Below are the records; copy exactly the stretch from the line containing "本设计电路中主控制器采用ST" through the line containing "وأوضح مسؤول العمليات", both ends included, and nothing else.
══ EXCERPTED RECORDS ══
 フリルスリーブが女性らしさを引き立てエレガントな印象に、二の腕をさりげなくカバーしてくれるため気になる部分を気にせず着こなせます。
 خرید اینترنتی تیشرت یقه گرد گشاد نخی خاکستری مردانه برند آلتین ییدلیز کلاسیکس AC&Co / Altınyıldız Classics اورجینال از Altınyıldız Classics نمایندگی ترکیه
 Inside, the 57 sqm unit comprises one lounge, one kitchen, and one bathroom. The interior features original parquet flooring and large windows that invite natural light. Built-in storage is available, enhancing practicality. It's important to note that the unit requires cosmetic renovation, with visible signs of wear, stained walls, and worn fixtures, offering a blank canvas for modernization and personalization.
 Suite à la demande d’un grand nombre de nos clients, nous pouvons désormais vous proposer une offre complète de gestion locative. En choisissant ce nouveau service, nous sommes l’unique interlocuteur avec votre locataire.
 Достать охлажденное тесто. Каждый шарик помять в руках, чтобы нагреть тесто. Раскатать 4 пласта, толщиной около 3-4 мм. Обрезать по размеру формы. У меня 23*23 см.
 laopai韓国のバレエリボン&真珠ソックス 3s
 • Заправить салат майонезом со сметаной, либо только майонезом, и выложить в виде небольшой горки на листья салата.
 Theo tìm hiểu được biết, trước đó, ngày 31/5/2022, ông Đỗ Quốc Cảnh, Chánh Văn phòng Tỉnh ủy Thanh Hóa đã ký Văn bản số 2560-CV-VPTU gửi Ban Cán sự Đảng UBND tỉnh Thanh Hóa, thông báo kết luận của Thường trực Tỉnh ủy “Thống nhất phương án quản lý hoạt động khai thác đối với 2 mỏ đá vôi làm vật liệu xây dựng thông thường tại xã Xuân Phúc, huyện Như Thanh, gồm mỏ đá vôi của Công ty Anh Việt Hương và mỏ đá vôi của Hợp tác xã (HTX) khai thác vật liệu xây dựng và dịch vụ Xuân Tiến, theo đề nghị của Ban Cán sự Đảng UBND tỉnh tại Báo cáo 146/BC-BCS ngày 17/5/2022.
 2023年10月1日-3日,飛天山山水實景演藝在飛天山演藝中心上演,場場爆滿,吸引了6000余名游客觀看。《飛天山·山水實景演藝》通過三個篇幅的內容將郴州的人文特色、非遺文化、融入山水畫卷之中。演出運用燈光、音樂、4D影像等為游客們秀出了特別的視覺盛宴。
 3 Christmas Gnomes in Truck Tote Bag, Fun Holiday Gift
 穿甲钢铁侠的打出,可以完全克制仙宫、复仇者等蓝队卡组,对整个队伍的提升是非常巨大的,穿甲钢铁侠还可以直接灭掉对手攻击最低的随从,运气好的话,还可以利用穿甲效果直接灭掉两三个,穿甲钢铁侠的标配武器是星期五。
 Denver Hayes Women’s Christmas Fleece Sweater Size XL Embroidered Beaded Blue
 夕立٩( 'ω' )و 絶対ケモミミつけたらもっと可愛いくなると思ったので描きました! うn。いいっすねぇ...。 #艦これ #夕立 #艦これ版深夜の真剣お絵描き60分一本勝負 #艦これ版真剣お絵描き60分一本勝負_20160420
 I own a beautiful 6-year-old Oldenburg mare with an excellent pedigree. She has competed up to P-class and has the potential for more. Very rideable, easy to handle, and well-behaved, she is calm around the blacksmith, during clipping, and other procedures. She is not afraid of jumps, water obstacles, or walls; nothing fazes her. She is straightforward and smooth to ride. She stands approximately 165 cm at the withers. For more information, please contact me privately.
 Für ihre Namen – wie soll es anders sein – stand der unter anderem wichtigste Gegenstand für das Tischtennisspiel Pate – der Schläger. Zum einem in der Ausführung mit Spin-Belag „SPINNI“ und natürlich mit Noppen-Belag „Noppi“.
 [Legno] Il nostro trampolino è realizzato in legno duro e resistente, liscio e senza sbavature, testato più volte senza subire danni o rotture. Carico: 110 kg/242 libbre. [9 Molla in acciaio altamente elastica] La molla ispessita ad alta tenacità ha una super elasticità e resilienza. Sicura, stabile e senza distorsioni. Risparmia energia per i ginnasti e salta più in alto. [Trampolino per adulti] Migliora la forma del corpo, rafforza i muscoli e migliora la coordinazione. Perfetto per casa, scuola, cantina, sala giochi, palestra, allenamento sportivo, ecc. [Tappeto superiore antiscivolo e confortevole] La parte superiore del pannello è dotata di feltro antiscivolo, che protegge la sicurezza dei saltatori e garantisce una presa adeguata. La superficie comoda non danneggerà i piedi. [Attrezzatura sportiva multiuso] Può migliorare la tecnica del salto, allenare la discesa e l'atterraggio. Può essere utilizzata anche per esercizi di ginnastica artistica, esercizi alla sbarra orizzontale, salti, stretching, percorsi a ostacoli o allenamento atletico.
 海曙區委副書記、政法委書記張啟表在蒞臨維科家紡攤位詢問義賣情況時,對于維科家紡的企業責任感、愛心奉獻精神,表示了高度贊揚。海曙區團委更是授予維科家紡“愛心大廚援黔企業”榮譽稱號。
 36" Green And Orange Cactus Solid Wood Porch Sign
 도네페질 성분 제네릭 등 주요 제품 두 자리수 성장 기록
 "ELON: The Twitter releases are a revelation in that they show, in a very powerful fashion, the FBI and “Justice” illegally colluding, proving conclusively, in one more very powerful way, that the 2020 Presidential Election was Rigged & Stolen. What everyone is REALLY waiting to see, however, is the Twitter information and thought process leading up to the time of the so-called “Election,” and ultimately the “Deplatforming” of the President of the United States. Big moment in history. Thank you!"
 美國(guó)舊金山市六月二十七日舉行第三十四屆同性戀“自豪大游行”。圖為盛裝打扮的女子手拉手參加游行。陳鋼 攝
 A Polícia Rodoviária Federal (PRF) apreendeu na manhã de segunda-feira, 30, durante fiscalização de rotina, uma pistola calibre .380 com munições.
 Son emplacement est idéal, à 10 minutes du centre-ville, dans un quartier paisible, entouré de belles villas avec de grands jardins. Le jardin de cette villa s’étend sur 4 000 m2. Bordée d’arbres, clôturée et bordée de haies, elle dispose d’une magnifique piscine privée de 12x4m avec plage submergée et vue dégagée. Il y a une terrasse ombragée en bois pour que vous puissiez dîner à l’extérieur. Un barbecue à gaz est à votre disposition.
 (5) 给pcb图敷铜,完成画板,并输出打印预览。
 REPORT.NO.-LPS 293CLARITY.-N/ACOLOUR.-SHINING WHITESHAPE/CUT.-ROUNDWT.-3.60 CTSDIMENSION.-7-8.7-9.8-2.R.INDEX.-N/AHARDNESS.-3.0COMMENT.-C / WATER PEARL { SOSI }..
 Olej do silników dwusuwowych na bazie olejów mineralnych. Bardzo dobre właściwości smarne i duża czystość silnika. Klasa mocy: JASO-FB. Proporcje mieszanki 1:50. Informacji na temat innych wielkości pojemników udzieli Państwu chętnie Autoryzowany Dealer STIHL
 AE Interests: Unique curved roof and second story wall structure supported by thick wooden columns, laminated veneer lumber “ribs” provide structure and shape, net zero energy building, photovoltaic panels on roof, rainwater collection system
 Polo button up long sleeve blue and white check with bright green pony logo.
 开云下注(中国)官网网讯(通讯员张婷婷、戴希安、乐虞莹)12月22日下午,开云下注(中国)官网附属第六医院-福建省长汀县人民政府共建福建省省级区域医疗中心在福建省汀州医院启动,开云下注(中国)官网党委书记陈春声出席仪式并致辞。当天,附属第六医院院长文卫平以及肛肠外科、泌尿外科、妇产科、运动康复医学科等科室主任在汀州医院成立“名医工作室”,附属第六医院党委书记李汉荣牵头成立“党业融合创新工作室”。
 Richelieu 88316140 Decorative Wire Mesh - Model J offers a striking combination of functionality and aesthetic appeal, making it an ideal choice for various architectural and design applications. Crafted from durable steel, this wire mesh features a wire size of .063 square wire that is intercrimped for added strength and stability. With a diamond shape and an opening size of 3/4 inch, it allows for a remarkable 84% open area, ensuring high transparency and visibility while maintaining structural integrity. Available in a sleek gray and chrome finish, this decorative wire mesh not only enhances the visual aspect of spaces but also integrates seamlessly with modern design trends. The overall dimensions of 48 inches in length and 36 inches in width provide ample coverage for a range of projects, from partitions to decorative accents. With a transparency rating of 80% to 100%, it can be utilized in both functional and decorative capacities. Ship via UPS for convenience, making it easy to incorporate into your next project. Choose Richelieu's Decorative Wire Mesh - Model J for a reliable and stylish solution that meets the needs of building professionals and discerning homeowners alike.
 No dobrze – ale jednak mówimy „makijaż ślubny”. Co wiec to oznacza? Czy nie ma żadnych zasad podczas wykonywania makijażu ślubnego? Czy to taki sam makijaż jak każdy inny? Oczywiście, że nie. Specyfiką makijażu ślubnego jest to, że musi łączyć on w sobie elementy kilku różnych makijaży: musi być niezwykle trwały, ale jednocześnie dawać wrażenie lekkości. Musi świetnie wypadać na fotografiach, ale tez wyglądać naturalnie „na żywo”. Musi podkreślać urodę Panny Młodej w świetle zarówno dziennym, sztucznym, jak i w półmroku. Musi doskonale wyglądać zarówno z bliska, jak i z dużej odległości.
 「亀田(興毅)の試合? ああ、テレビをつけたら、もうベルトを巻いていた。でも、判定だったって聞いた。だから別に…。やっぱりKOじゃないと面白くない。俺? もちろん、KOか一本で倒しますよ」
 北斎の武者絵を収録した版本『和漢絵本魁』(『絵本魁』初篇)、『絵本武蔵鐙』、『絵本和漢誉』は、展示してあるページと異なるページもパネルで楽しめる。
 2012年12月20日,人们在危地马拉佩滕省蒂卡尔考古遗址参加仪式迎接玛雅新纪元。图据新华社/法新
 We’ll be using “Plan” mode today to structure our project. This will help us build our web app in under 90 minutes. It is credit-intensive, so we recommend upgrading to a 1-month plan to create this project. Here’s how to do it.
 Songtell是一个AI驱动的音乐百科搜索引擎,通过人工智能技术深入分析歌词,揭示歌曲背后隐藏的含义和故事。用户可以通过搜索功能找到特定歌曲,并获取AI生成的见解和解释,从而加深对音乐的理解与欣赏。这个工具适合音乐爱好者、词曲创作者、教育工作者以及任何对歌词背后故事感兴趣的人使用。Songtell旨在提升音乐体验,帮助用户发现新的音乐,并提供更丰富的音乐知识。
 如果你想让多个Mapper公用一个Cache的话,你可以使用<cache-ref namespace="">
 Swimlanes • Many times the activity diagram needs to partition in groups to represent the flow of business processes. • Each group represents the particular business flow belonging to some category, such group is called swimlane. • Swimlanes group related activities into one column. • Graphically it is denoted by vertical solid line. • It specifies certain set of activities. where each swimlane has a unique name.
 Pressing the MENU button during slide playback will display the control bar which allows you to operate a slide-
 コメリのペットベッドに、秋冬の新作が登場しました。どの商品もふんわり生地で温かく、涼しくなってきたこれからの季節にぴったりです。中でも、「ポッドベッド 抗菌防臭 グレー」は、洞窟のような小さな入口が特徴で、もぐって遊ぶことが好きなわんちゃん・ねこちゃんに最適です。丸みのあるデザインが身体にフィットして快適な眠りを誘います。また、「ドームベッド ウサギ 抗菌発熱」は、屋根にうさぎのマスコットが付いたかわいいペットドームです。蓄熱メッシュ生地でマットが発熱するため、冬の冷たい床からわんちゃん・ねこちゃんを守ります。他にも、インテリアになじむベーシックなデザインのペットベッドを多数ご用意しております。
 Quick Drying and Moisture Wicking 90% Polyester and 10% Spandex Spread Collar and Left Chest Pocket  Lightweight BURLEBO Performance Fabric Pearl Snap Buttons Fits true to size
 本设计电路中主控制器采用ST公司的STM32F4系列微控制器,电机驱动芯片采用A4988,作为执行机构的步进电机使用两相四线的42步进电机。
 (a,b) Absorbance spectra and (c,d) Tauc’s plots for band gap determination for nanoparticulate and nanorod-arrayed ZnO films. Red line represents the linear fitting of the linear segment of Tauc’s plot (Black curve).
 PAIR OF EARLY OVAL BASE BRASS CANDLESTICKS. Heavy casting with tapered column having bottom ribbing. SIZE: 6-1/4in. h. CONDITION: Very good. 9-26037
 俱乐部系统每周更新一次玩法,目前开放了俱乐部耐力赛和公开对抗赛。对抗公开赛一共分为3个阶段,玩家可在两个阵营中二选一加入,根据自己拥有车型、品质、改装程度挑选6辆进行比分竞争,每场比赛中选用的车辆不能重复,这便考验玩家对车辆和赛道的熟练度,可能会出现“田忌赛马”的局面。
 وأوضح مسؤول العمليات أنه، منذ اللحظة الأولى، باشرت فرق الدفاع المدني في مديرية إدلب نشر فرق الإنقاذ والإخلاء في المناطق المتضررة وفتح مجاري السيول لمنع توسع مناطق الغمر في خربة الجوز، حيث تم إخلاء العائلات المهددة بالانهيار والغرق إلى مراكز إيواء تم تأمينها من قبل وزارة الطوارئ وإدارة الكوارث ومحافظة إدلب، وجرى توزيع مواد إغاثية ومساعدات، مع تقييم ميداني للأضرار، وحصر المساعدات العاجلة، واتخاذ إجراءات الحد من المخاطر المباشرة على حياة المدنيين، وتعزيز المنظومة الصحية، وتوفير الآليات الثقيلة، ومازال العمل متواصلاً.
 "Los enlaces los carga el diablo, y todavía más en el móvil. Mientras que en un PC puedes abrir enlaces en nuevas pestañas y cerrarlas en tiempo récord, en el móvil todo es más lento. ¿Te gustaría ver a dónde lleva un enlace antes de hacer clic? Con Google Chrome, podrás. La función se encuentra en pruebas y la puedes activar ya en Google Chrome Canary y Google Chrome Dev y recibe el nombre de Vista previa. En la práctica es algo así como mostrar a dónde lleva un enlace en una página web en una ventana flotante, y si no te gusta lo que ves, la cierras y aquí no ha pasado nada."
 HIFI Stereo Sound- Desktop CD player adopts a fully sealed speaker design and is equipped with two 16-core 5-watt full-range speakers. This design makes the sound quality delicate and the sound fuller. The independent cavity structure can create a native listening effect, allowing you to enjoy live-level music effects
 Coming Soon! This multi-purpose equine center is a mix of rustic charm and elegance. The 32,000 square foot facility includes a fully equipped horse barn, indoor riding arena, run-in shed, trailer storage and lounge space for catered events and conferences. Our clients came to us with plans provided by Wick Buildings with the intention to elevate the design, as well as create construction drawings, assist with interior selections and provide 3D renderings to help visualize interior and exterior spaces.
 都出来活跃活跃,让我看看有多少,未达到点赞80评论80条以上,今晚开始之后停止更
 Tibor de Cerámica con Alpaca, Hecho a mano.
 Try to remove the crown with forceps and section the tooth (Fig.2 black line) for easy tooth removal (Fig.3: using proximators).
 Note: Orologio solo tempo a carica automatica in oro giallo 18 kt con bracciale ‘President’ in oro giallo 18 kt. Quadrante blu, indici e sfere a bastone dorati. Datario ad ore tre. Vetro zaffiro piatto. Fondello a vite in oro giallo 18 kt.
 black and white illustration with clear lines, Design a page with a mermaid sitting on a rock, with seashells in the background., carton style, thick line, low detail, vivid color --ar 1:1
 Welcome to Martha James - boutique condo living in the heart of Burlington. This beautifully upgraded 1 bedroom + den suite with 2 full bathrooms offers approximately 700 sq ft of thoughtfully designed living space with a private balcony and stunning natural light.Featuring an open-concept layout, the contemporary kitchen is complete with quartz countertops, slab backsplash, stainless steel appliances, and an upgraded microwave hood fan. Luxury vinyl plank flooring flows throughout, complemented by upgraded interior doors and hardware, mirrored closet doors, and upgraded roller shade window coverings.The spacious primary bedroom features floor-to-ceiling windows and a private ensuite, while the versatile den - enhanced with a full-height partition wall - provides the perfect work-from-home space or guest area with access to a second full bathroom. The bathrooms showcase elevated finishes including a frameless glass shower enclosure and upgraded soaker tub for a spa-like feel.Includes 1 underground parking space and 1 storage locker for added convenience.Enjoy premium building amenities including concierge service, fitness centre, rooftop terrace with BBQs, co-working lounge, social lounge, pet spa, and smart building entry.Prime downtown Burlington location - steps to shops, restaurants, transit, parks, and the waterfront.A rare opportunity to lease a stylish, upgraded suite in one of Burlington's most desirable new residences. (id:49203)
═══
TASK ANSWER →
 本设计电路中主控制器采用ST公司的STM32F4系列微控制器,电机驱动芯片采用A4988,作为执行机构的步进电机使用两相四线的42步进电机。
 (a,b) Absorbance spectra and (c,d) Tauc’s plots for band gap determination for nanoparticulate and nanorod-arrayed ZnO films. Red line represents the linear fitting of the linear segment of Tauc’s plot (Black curve).
 PAIR OF EARLY OVAL BASE BRASS CANDLESTICKS. Heavy casting with tapered column having bottom ribbing. SIZE: 6-1/4in. h. CONDITION: Very good. 9-26037
 俱乐部系统每周更新一次玩法,目前开放了俱乐部耐力赛和公开对抗赛。对抗公开赛一共分为3个阶段,玩家可在两个阵营中二选一加入,根据自己拥有车型、品质、改装程度挑选6辆进行比分竞争,每场比赛中选用的车辆不能重复,这便考验玩家对车辆和赛道的熟练度,可能会出现“田忌赛马”的局面。
 وأوضح مسؤول العمليات أنه، منذ اللحظة الأولى، باشرت فرق الدفاع المدني في مديرية إدلب نشر فرق الإنقاذ والإخلاء في المناطق المتضررة وفتح مجاري السيول لمنع توسع مناطق الغمر في خربة الجوز، حيث تم إخلاء العائلات المهددة بالانهيار والغرق إلى مراكز إيواء تم تأمينها من قبل وزارة الطوارئ وإدارة الكوارث ومحافظة إدلب، وجرى توزيع مواد إغاثية ومساعدات، مع تقييم ميداني للأضرار، وحصر المساعدات العاجلة، واتخاذ إجراءات الحد من المخاطر المباشرة على حياة المدنيين، وتعزيز المنظومة الصحية، وتوفير الآليات الثقيلة، ومازال العمل متواصلاً.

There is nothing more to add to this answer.